→ **EXERCISE AIM**:
Below are records; the lines starting at the one with "羢布款【前座1張+靠墊1張】咖啡色" and ending at the one with "Very pretty blouse" must be reproduced exactly, both included. Pictures must not appear.
====== RECORD EXTRACTS
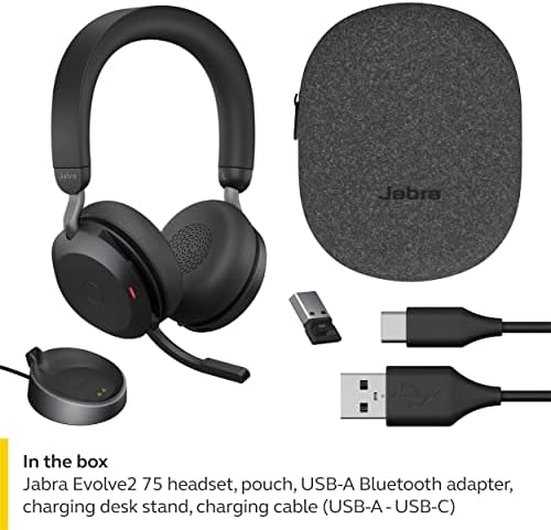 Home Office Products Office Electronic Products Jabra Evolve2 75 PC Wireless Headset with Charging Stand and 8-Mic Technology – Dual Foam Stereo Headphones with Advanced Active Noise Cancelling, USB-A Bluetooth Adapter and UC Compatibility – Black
============
====== RECORD EXTRACTS
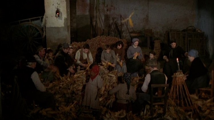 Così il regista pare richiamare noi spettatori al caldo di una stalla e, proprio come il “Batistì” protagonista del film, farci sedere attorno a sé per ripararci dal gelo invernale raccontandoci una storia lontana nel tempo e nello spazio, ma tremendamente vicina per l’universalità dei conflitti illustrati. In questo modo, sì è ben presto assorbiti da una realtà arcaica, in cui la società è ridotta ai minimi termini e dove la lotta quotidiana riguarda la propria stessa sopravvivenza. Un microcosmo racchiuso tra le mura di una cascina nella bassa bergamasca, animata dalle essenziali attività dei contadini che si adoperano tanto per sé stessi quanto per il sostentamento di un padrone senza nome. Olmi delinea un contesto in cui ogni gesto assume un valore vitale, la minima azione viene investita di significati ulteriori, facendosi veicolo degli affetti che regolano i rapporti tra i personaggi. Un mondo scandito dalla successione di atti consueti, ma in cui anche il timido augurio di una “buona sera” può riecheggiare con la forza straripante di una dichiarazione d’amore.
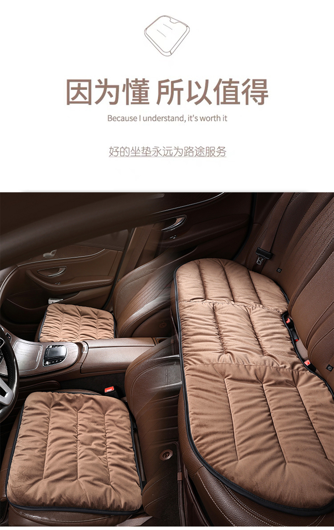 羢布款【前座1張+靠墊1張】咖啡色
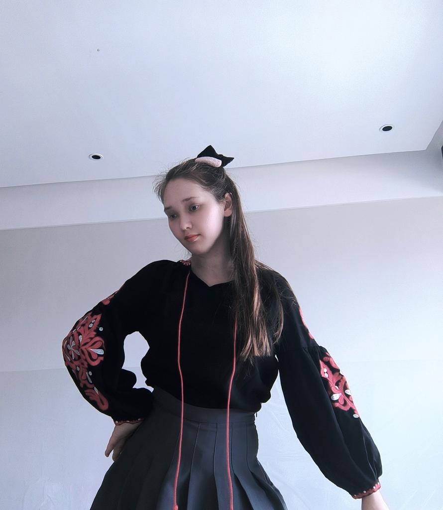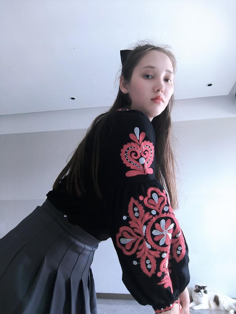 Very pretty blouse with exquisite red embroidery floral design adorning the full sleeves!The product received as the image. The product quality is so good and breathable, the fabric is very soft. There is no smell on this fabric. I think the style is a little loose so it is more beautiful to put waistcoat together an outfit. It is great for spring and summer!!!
============
→ **RESPONSE**:
 羢布款【前座1張+靠墊1張】咖啡色
 Very pretty blouse with exquisite red embroidery floral design adorning the full sleeves!The product received as the image. The product quality is so good and breathable, the fabric is very soft. There is no smell on this fabric. I think the style is a little loose so it is more beautiful to put waistcoat together an outfit. It is great for spring and summer!!!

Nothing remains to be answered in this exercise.